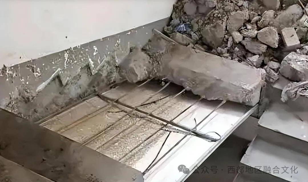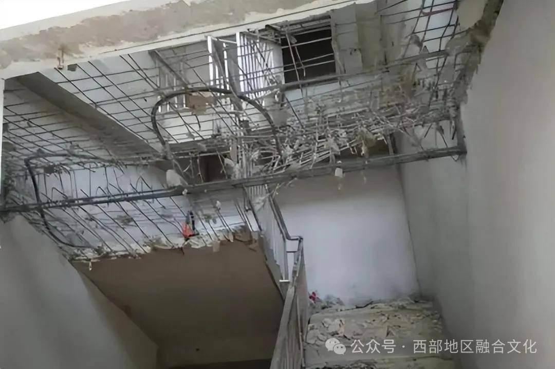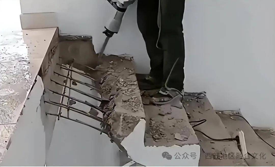 "咚咚咚"的震動聲在狹窄的樓道中迴響,讓人心悸不已。不久,水泥台階被一擊擊敲破,鋼筋裸露,四處散落的石塊令人心驚膽戰。
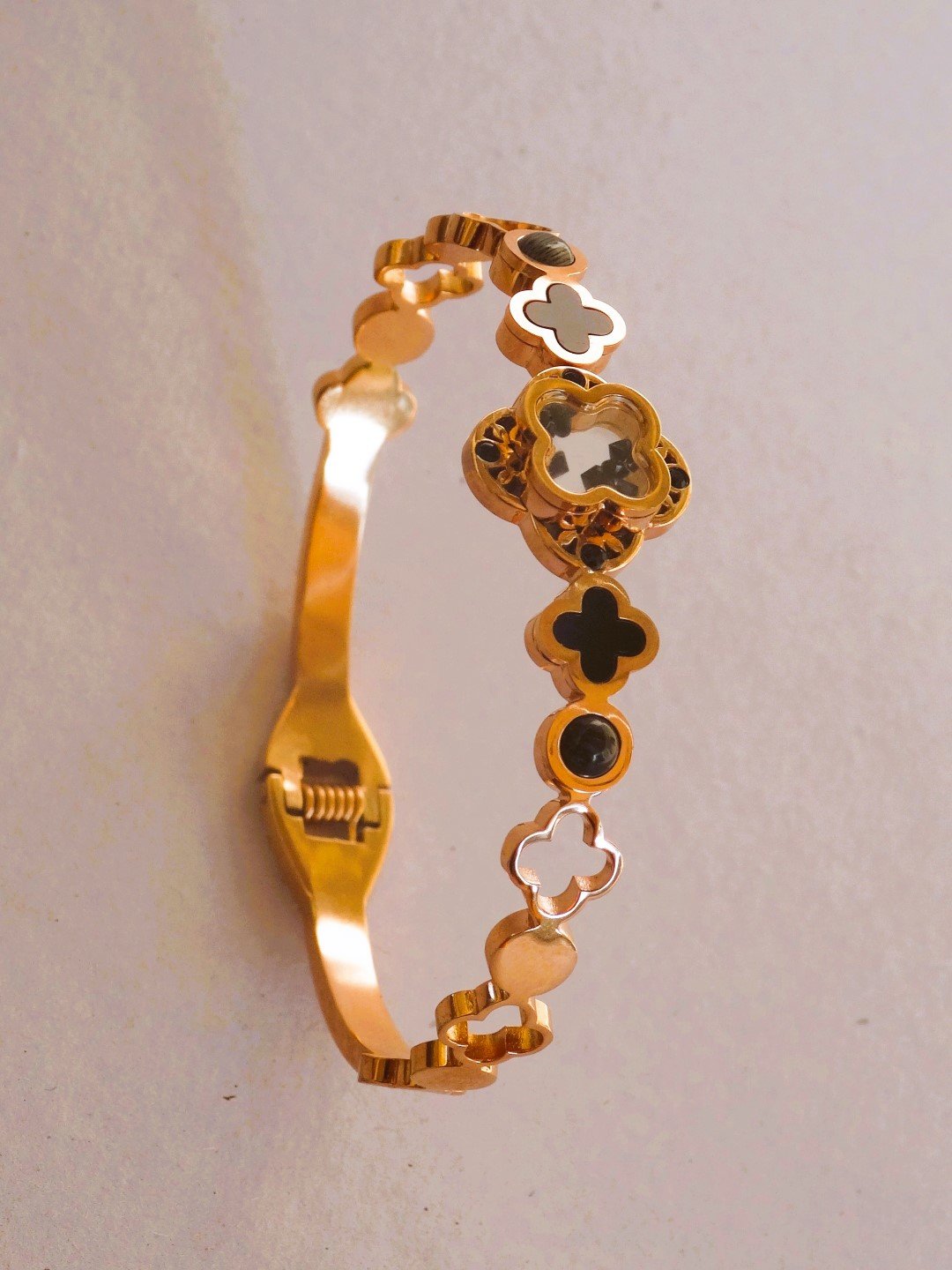 Clover design black stud bracelet (Clover moving crystals stud bracelet with spring open)
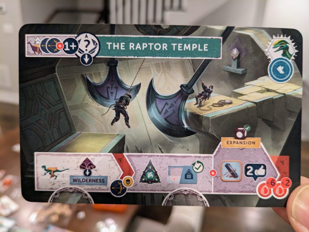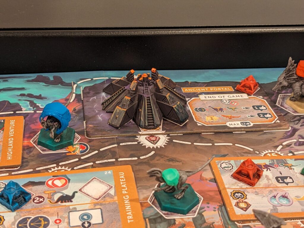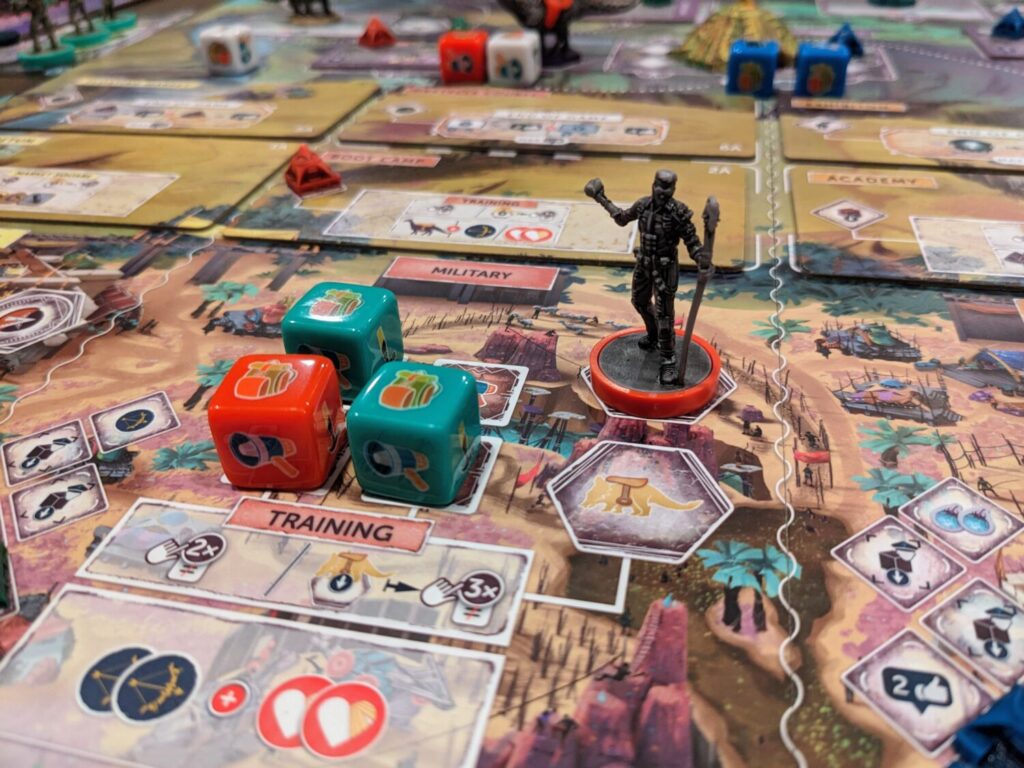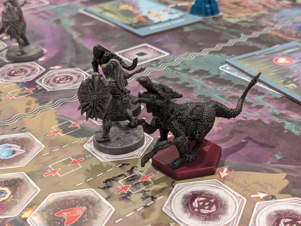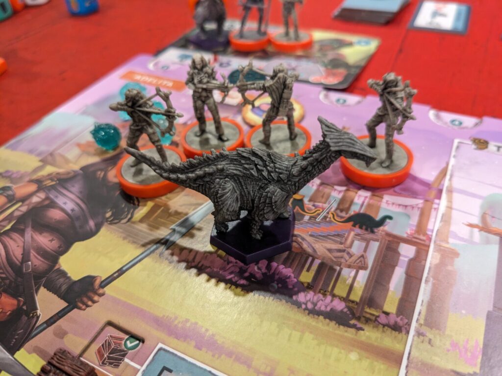 The wilderness also includes three temples that can be explored, represented by some of the greatest minis Mindclash has ever given us. One of the temples, the Thunderhorn Temple, is a big ol’ eyeball. I loved it. Exploring temples is as simple as having the required number of troops and dinos to check out those spaces, and they come with handsome rewards. The temples also unlock other artifacts used for end-game scoring.
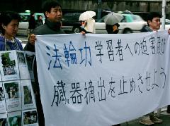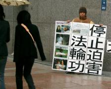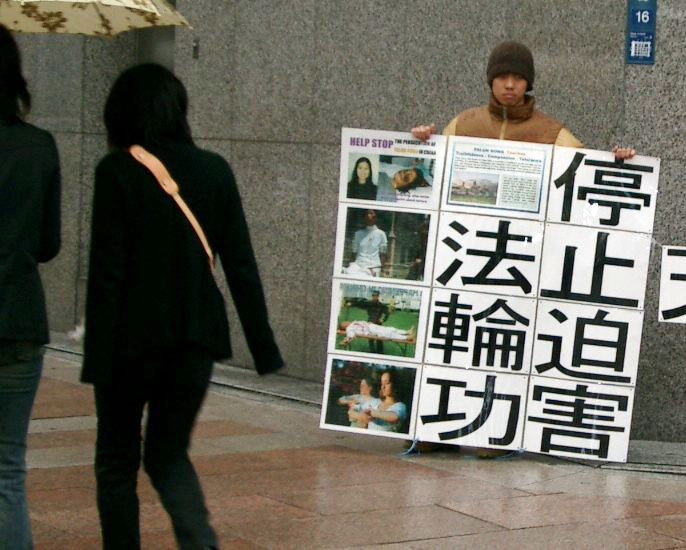 学员们冒着小雨,打着写有“停止对法轮功学员的迫害,停止对法轮功学员进行摘取内脏器官的暴行”的横幅,并举着写有“停止迫害法轮功”等字样的图片,向过往行人说明中共迫害法轮功的真相,及其所使用的流氓手段。过往行人无不被横幅和图片内容所震惊。
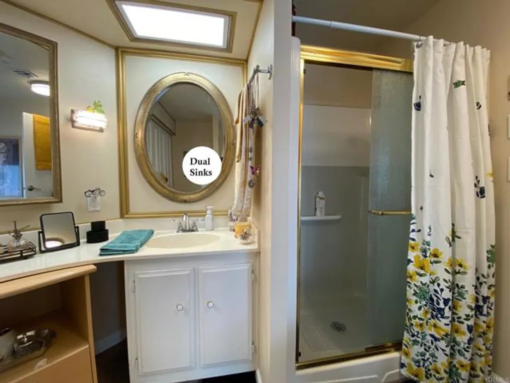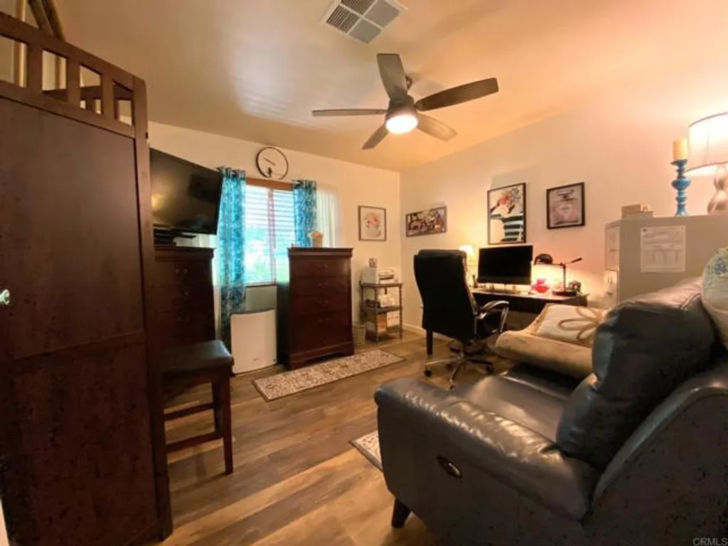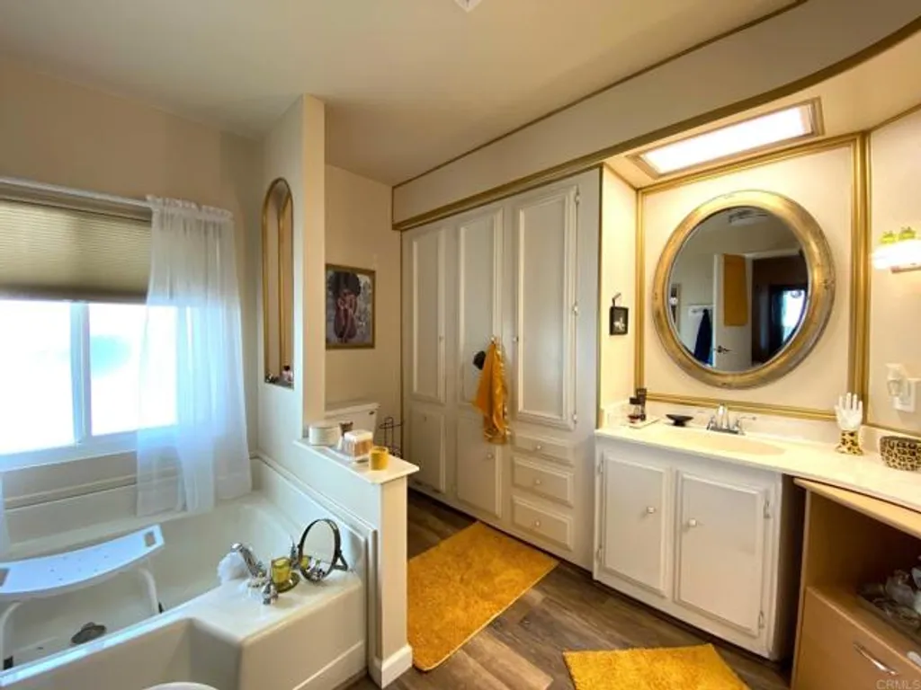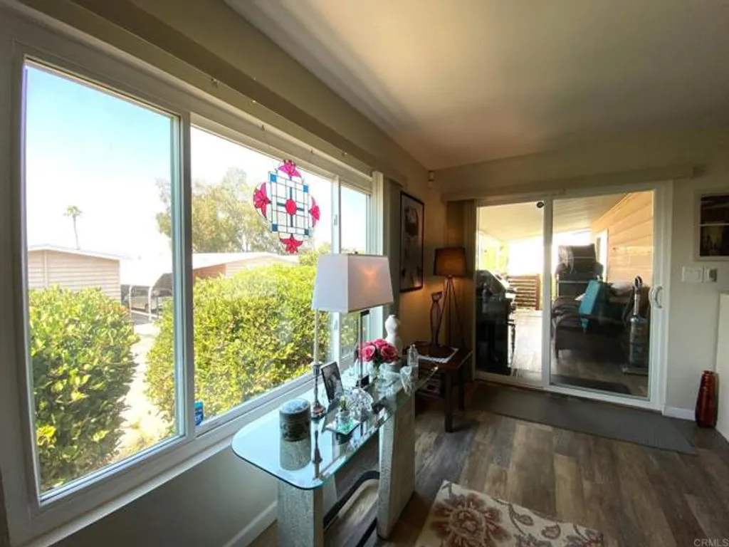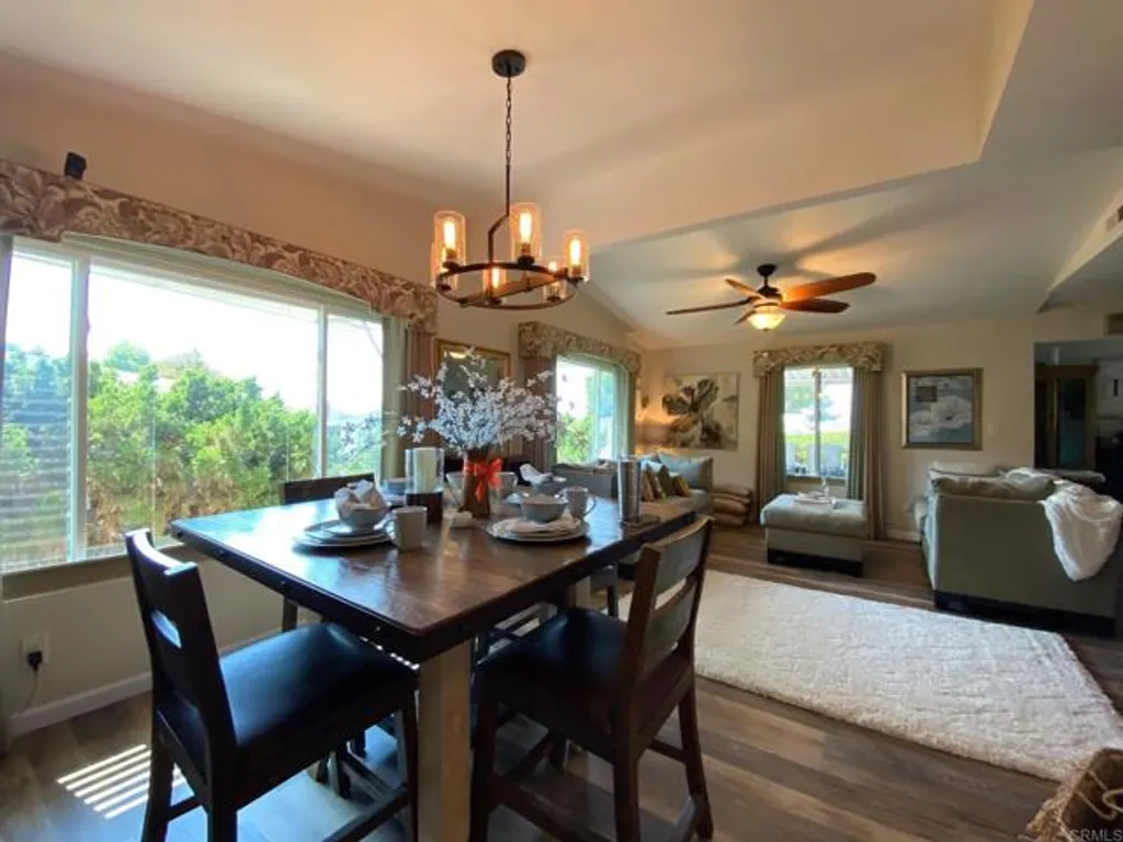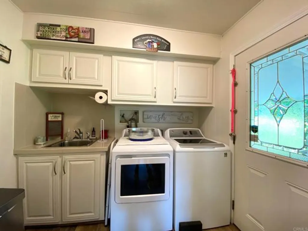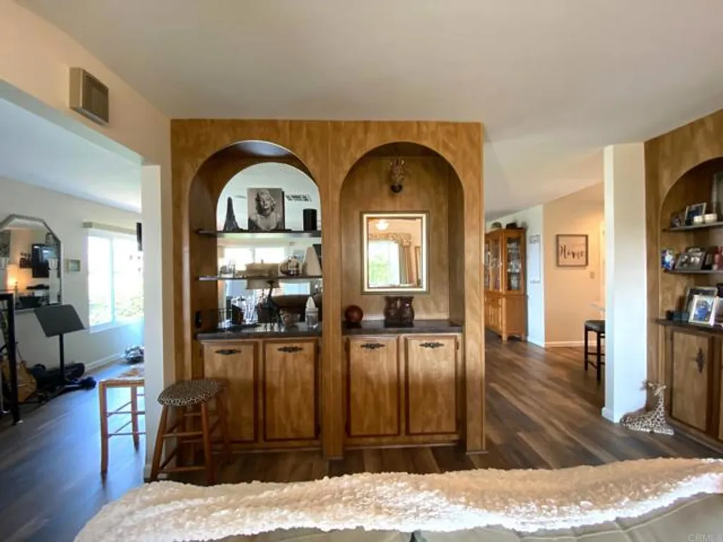 55/18 Community. Lot rent will be added soon. Luxurious Home - you don't find many homes like this one in mobile home communities. No expense was spared when remodeling this home. Inviting front covered porch leads you into this one of a kind triple wide home. The gourmet kitchen is totally magnificent; top of the line cabinetry, quartz countertops, stunning appliances and can lighting. There is also a large breakfast bar and 2 pantries. Dining area has a wall to ceiling China cabinet with ample storage space. The dining and formal living room feature stunning custom made cornices/drapes over the dual pane windows for a lavish look. Enjoy the view from most every window in this home. The oversized bonus/family room is the perfect room to watch tv and entertain friends and family. There are built-in hutches between the living room and the bonus room. The beautiful blue front door brings a feel of happiness! The bonus room features a sliding glass door which will lead you to the view deck. In the yard, you will find a black & white tall bird of paradise plant, mature avocado, tangerine, lemon and orange trees. Main suite offers mirrored closet doors and an ensuite bathroom; large garden tub, shower stall with glass doors, dual sinks and a very large linen closet. Guest bedroom and bathroom. Spacious indoor laundry room has a utility sink and includes the washer/dryer. Other great features are the dual pane windows & sliding glass doors, luxurious laminate flooring, drywalled walls throughout, vaulted ceilings and ceiling fans. Best of all, enjoy delicious purified water from

ABOUT THIS TASK: Reproduce the whole listing verbatim and keep all pictures out of it.

FINISHED TASK:
 "咚咚咚"的震動聲在狹窄的樓道中迴響,讓人心悸不已。不久,水泥台階被一擊擊敲破,鋼筋裸露,四處散落的石塊令人心驚膽戰。
 Clover design black stud bracelet (Clover moving crystals stud bracelet with spring open)
 The wilderness also includes three temples that can be explored, represented by some of the greatest minis Mindclash has ever given us. One of the temples, the Thunderhorn Temple, is a big ol’ eyeball. I loved it. Exploring temples is as simple as having the required number of troops and dinos to check out those spaces, and they come with handsome rewards. The temples also unlock other artifacts used for end-game scoring.
 学员们冒着小雨,打着写有“停止对法轮功学员的迫害,停止对法轮功学员进行摘取内脏器官的暴行”的横幅,并举着写有“停止迫害法轮功”等字样的图片,向过往行人说明中共迫害法轮功的真相,及其所使用的流氓手段。过往行人无不被横幅和图片内容所震惊。
 55/18 Community. Lot rent will be added soon. Luxurious Home - you don't find many homes like this one in mobile home communities. No expense was spared when remodeling this home. Inviting front covered porch leads you into this one of a kind triple wide home. The gourmet kitchen is totally magnificent; top of the line cabinetry, quartz countertops, stunning appliances and can lighting. There is also a large breakfast bar and 2 pantries. Dining area has a wall to ceiling China cabinet with ample storage space. The dining and formal living room feature stunning custom made cornices/drapes over the dual pane windows for a lavish look. Enjoy the view from most every window in this home. The oversized bonus/family room is the perfect room to watch tv and entertain friends and family. There are built-in hutches between the living room and the bonus room. The beautiful blue front door brings a feel of happiness! The bonus room features a sliding glass door which will lead you to the view deck. In the yard, you will find a black & white tall bird of paradise plant, mature avocado, tangerine, lemon and orange trees. Main suite offers mirrored closet doors and an ensuite bathroom; large garden tub, shower stall with glass doors, dual sinks and a very large linen closet. Guest bedroom and bathroom. Spacious indoor laundry room has a utility sink and includes the washer/dryer. Other great features are the dual pane windows & sliding glass doors, luxurious laminate flooring, drywalled walls throughout, vaulted ceilings and ceiling fans. Best of all, enjoy delicious purified water from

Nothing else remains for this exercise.